Exit plan. The ICO underlines the importance of having a decommissioning plan for the end of the pandemic, when the data processing will no longer be necessary. Similarly, the EDPB advises that criteria should be developed as soon as possible to determine when the app should be dismantled and which entity will be responsible for this determination.

Protection of human rights

In the UK, NHSX has started testing its own contact tracing app.

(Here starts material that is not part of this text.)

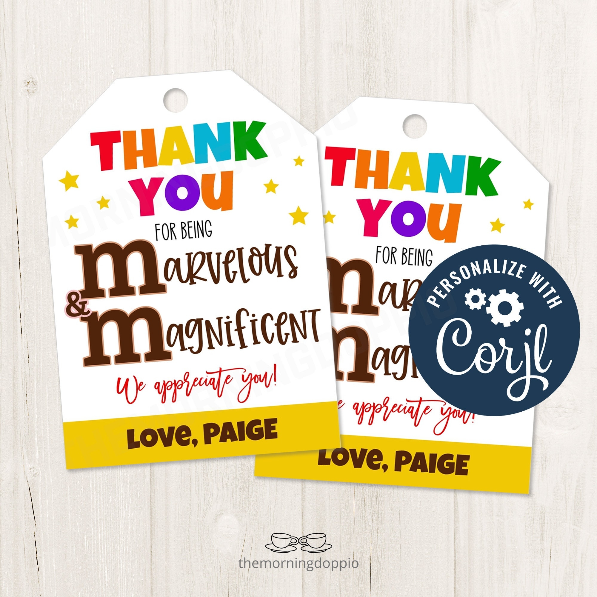 Printable editable You Are Marvelous And Magnificent Mu0026M Gift Tag For Teachers PTO Staff Admin Coworkers Teams Editable CORJL Template Etsy

However, the Joint Committee on Human Rights considers that the current legislative and regulatory arrangements are insufficient to adequately protect human rights, such as the right to privacy, and has advised against the implementation of the NHSX app without the following guarantees:
  • The efficacy and benefits of the app must be clear in order for the collection of data to be justifiable under data protection and human rights laws.
  • Privacy protections applicable to the contact tracing app must be enshrined in law.
  • An independent body, which has enforcement powers and the ability to manage complaints, must oversee the use, effectiveness and privacy protections of the app.
  • Additional safeguards must apply to minors; their use of the app must be closely monitored and any misuse promptly rectified.
  • The Health Secretary must undertake a review on the efficacy and privacy protections relating to digital contact tracing every 21 days.
  • The government and public health authorities must be transparent about the use of the app and data collected through it. DPIAs must be published and updated as the technology progresses.

Looking ahead

The COVID-19 crisis continues to push boundaries, including in the area of data protection. While the use of contact tracing technology has the power to contribute to fighting the COVID-19 pandemic, it also has the potential to damage individuals’ rights and freedoms if it is not built to prioritise privacy.
In normal times, state-controlled apps that enable the mass surveillance of personal data would be extremely controversial. Although the current crisis makes the use of these apps a necessity, it is crucial to ensure that the evolving technology adequately protects the public’s personal data and fundamental human rights. Developers should ensure that they continue to monitor the regulatory guidance and update their apps to maintain privacy protection.
Ann Bevitt is a partner, and Corina Demeter is an associate, at Cooley (UK) LLP.

Contact tracing apps

A contact tracing app is a mobile app that notifies users when they have been in recent proximity with another user who has confirmed symptoms of the 2019 novel coronavirus disease. This is typically done through Bluetooth technology, which broadcasts a unique identifier for each device: when two Bluetooth devices are near each other, they will exchange identifiers.